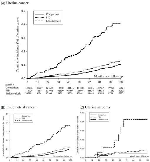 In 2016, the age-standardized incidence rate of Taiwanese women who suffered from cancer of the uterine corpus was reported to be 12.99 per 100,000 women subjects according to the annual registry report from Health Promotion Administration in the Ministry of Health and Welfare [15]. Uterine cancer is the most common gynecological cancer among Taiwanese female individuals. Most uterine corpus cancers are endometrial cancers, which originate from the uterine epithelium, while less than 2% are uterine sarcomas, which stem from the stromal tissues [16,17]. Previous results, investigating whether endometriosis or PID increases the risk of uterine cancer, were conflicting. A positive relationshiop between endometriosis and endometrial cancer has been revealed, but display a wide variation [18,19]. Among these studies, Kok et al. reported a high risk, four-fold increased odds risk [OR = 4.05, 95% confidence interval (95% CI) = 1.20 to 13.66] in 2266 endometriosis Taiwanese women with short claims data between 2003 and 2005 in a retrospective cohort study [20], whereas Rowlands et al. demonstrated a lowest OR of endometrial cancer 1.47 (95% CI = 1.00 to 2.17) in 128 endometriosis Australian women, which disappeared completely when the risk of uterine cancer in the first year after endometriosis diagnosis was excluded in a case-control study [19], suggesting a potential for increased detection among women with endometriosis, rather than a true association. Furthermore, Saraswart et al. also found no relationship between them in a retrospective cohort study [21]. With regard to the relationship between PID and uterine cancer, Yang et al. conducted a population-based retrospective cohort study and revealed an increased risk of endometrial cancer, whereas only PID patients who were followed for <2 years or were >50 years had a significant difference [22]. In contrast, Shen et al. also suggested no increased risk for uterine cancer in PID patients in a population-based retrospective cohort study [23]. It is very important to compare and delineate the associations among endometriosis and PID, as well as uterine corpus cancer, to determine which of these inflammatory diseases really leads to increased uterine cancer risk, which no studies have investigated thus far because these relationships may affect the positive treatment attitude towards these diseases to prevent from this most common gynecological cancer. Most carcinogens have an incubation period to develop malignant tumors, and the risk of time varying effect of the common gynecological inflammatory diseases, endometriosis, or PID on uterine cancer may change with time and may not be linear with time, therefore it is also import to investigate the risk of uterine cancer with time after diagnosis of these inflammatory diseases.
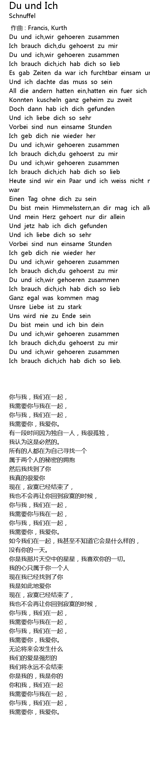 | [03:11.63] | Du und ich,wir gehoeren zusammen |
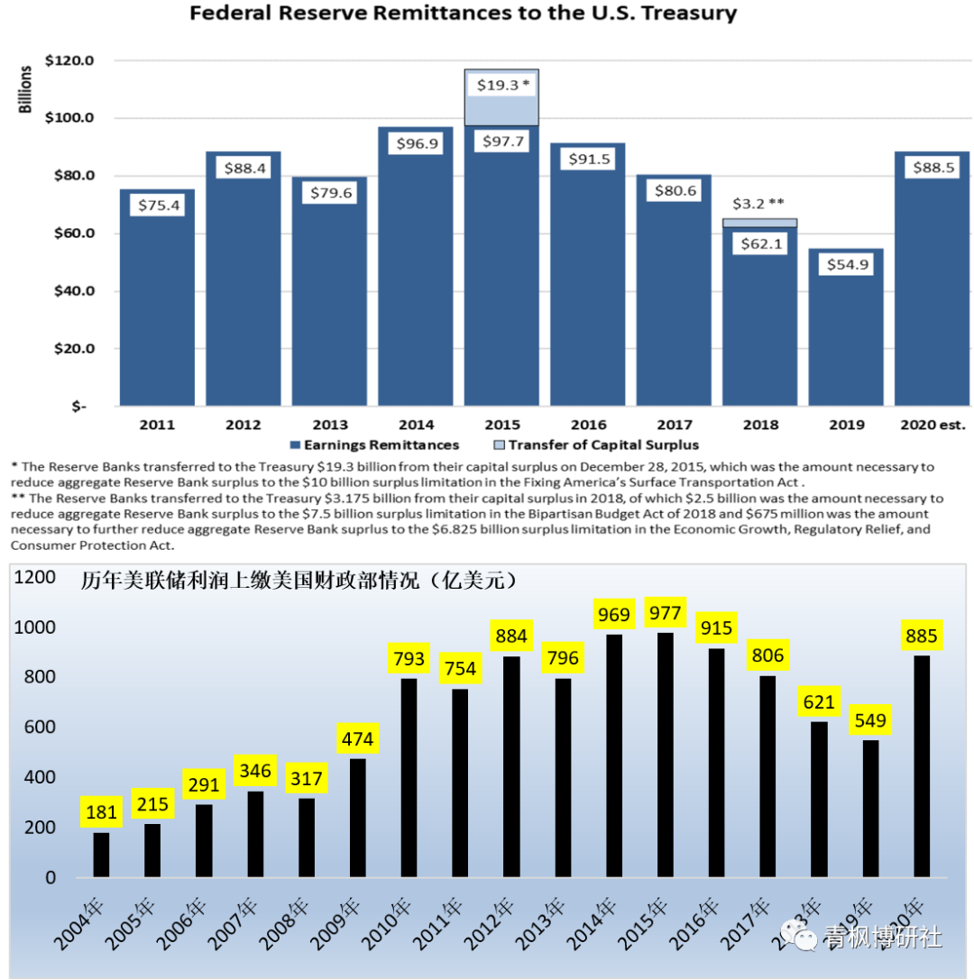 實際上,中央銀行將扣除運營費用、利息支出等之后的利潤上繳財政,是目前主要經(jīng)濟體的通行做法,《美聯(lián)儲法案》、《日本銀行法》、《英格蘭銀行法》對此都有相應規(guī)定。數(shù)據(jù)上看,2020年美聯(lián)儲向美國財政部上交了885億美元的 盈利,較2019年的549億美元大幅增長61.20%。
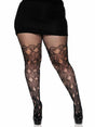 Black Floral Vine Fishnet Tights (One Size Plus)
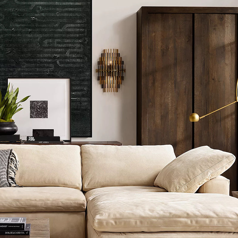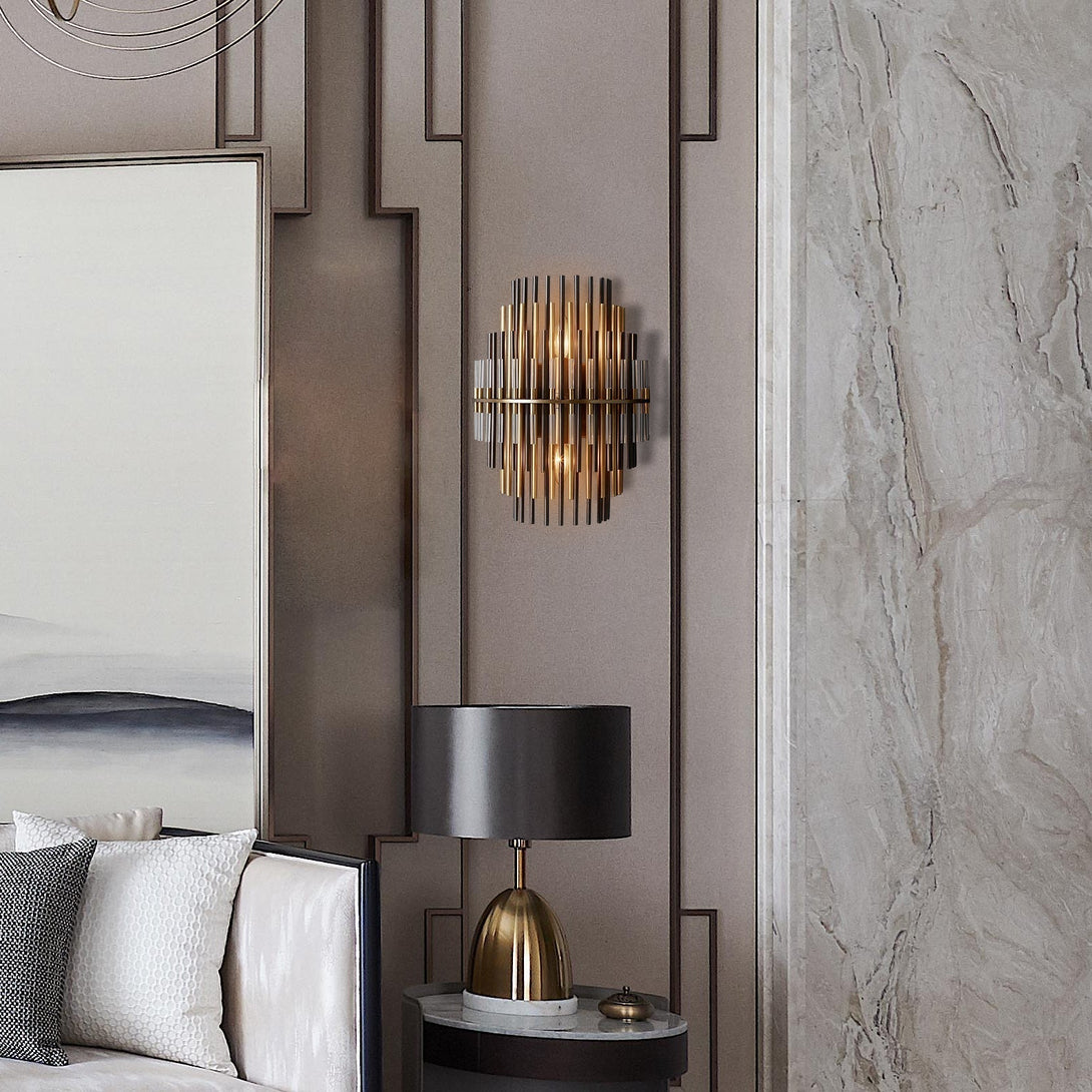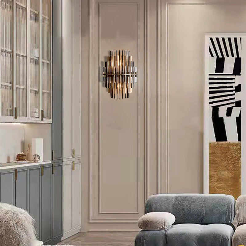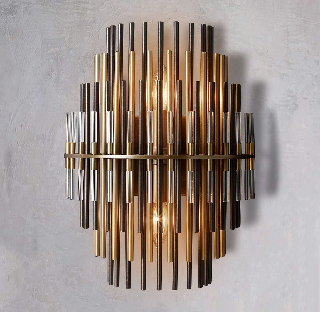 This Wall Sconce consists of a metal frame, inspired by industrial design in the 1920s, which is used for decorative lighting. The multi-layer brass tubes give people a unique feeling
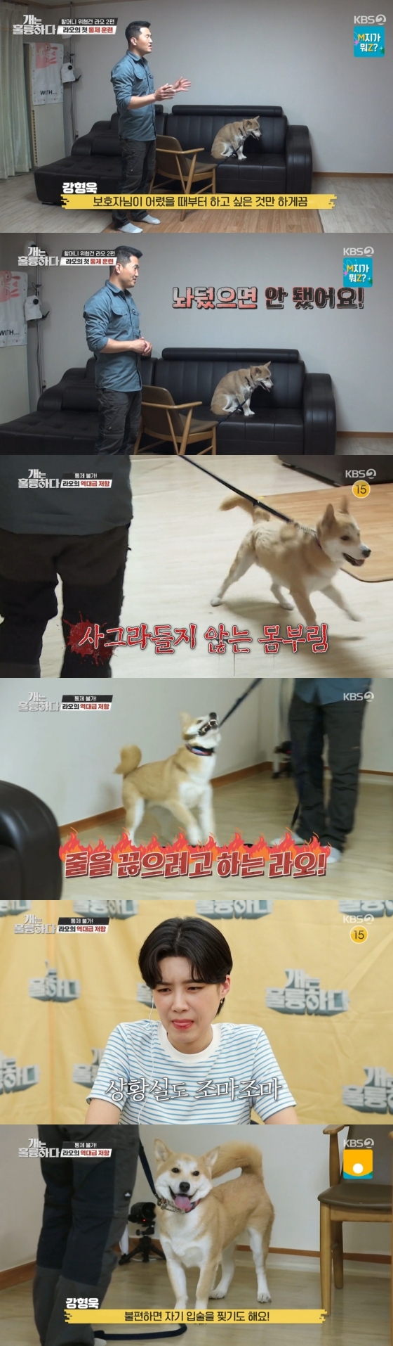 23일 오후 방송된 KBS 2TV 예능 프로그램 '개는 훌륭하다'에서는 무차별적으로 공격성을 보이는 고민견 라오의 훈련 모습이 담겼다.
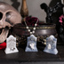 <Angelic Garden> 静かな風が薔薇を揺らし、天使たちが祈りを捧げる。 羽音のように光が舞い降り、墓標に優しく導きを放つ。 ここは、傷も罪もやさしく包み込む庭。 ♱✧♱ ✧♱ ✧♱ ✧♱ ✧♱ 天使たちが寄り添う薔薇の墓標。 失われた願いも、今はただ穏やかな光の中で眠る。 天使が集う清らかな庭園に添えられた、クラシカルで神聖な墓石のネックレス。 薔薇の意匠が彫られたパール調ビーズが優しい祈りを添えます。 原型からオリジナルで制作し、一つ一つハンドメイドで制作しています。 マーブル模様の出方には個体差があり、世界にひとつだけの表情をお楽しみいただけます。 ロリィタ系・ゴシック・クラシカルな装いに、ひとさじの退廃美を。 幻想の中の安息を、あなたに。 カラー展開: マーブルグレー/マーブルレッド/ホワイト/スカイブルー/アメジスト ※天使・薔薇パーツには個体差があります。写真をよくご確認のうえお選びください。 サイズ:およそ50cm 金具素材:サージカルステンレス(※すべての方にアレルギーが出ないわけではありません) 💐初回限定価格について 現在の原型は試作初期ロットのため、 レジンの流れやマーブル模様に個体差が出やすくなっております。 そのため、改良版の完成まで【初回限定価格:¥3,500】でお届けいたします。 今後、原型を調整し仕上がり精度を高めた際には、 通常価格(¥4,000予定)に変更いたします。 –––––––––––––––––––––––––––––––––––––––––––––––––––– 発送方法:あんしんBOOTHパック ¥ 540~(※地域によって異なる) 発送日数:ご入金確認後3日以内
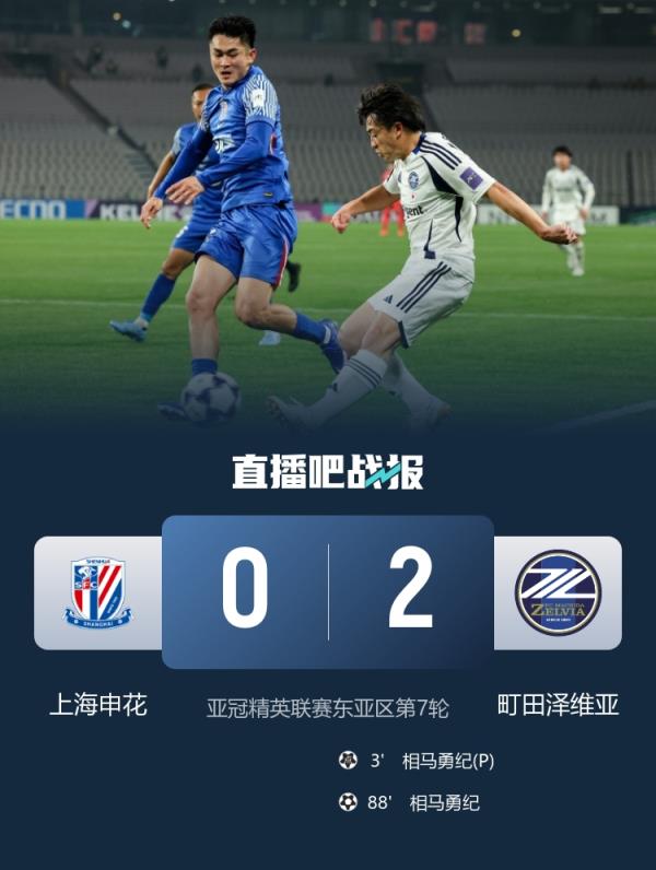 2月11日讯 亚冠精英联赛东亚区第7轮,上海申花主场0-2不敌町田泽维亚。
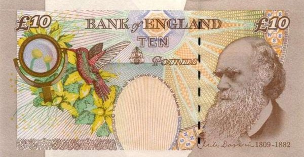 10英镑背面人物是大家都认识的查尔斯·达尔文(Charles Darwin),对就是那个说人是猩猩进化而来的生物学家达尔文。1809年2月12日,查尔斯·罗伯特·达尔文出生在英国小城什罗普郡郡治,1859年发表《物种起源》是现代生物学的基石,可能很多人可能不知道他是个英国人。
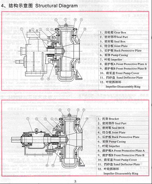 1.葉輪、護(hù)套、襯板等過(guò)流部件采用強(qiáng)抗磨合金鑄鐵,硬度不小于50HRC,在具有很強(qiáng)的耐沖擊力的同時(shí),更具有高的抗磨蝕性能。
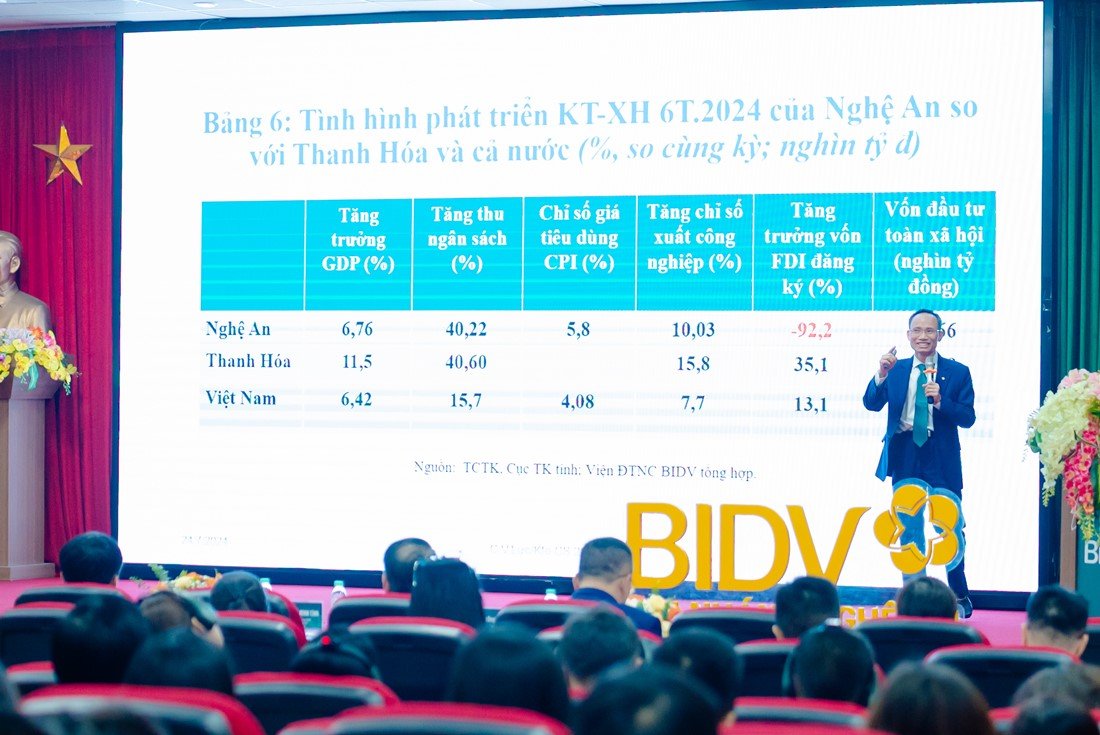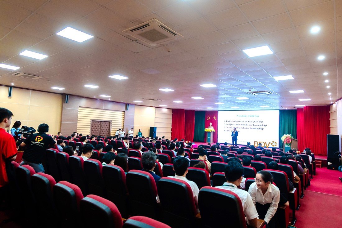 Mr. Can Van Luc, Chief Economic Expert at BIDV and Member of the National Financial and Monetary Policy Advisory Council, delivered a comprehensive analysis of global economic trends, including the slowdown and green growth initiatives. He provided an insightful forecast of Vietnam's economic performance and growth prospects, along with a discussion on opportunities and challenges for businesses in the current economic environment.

------------------------

**EXERCISE REQUIREMENTS**. Only one stretch of the data is wanted: write out exactly the lines from the one holding "23일 오후 방송된 KBS" through the one holding "2月11日讯 亚冠精英联赛东亚区第7轮,上海申花主场0-2不敌町田泽维亚。", both included, without the pictures.

**WRITTEN RESPONSE**.
 23일 오후 방송된 KBS 2TV 예능 프로그램 '개는 훌륭하다'에서는 무차별적으로 공격성을 보이는 고민견 라오의 훈련 모습이 담겼다.
 <Angelic Garden> 静かな風が薔薇を揺らし、天使たちが祈りを捧げる。 羽音のように光が舞い降り、墓標に優しく導きを放つ。 ここは、傷も罪もやさしく包み込む庭。 ♱✧♱ ✧♱ ✧♱ ✧♱ ✧♱ 天使たちが寄り添う薔薇の墓標。 失われた願いも、今はただ穏やかな光の中で眠る。 天使が集う清らかな庭園に添えられた、クラシカルで神聖な墓石のネックレス。 薔薇の意匠が彫られたパール調ビーズが優しい祈りを添えます。 原型からオリジナルで制作し、一つ一つハンドメイドで制作しています。 マーブル模様の出方には個体差があり、世界にひとつだけの表情をお楽しみいただけます。 ロリィタ系・ゴシック・クラシカルな装いに、ひとさじの退廃美を。 幻想の中の安息を、あなたに。 カラー展開: マーブルグレー/マーブルレッド/ホワイト/スカイブルー/アメジスト ※天使・薔薇パーツには個体差があります。写真をよくご確認のうえお選びください。 サイズ:およそ50cm 金具素材:サージカルステンレス(※すべての方にアレルギーが出ないわけではありません) 💐初回限定価格について 現在の原型は試作初期ロットのため、 レジンの流れやマーブル模様に個体差が出やすくなっております。 そのため、改良版の完成まで【初回限定価格:¥3,500】でお届けいたします。 今後、原型を調整し仕上がり精度を高めた際には、 通常価格(¥4,000予定)に変更いたします。 –––––––––––––––––––––––––––––––––––––––––––––––––––– 発送方法:あんしんBOOTHパック ¥ 540~(※地域によって異なる) 発送日数:ご入金確認後3日以内
 2月11日讯 亚冠精英联赛东亚区第7轮,上海申花主场0-2不敌町田泽维亚。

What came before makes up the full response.